Aleksandar Kesar

Fujian Sturgeons
- Position: Head coach
- League: Chinese Basketball Association

Personal information
- Born: 4 February 1972 (age 54) Belgrade, SR Serbia, SFR Yugoslavia
- Nationality: Serbian
- Coaching career: 1999–present

Career history

Coaching
- 1999–2002: Mladost Zemun
- 2002–2007: Partizan (assistant)
- 2007–2008: Mega Aqua Monta
- 2008–2009: Ural Great Perm
- 2010–2012: Olympiacos (assistant)
- 2012: Azovmash Mariupol
- 2013–2014: Shandong Gold Lions (consultant)
- 2014–2015: Fujian Sturgeons
- 2015–2018: Shandong Golden Stars
- 2019–2020: Fujian Sturgeons
- 2021–2022: Tianjin Pioneers
- 2024–present: Fujian Sturgeons

= Aleksandar Kesar =

Serbian basketball coach

Aleksandar Kesar (Александар Кесар; born 4 February 1972) is a Serbian professional basketball coach for the Fujian Sturgeons of the Chinese Basketball Association (CBA).

== Coaching career ==
Kesar was an assistant coach of Partizan and Olympiacos. He was a head coach for Mega Aqua Monta, Azovmash Mariupol, Shandong Gold Lions, Fujian Sturgeons, and Tianjin Pioneers.

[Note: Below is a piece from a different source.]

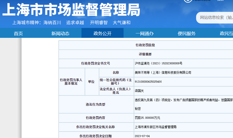 (记者 郭帅)日前,美味不用等(上海)信息科技股份有限公司因“发布广告损害国家的尊严或者利益,泄露国家秘密”违反广告法相关规定,被上海市浦东新区市场监督管理局罚款25万元。

== National team coaching career ==
Kesar was an assistant coach of Dušan Ivković in the national team of Serbia at two FIBA EuroBaskets, 2009 in Poland and 2011 in Lithuania, and at the 2010 FIBA World Championship in Turkey. He won silver medal at EuroBasket 2009.

He led the university team of Serbia at two Summer Universiades, 2007 in Bangkok and 2009 in Belgrade. He won a gold medal at 2009 Universiade and a silver medal at 2007 Universiade.

==Career achievements and awards==
- As assistant coach
- EuroLeague champion: 1 (with Olympiacos: 2011–12)
- Serbian League champion: 1 (with Partizan: 2006–07)
- Serbian-Montenegrin League champion: 4 (with Partizan: 2002–03, 2003–04, 2004–05, 2005–06)
- Greek League champion: 1 (with Olympiacos: 2011–12)
- Adriatic League champion: 1 (with Partizan: 2006–07)
- Greek Cup winner: 1 (with Olympiacos: 2010–11)

==Personal life==
Aleksandar is married. He and his wife, Ana, have two daughters, Klara and Atina.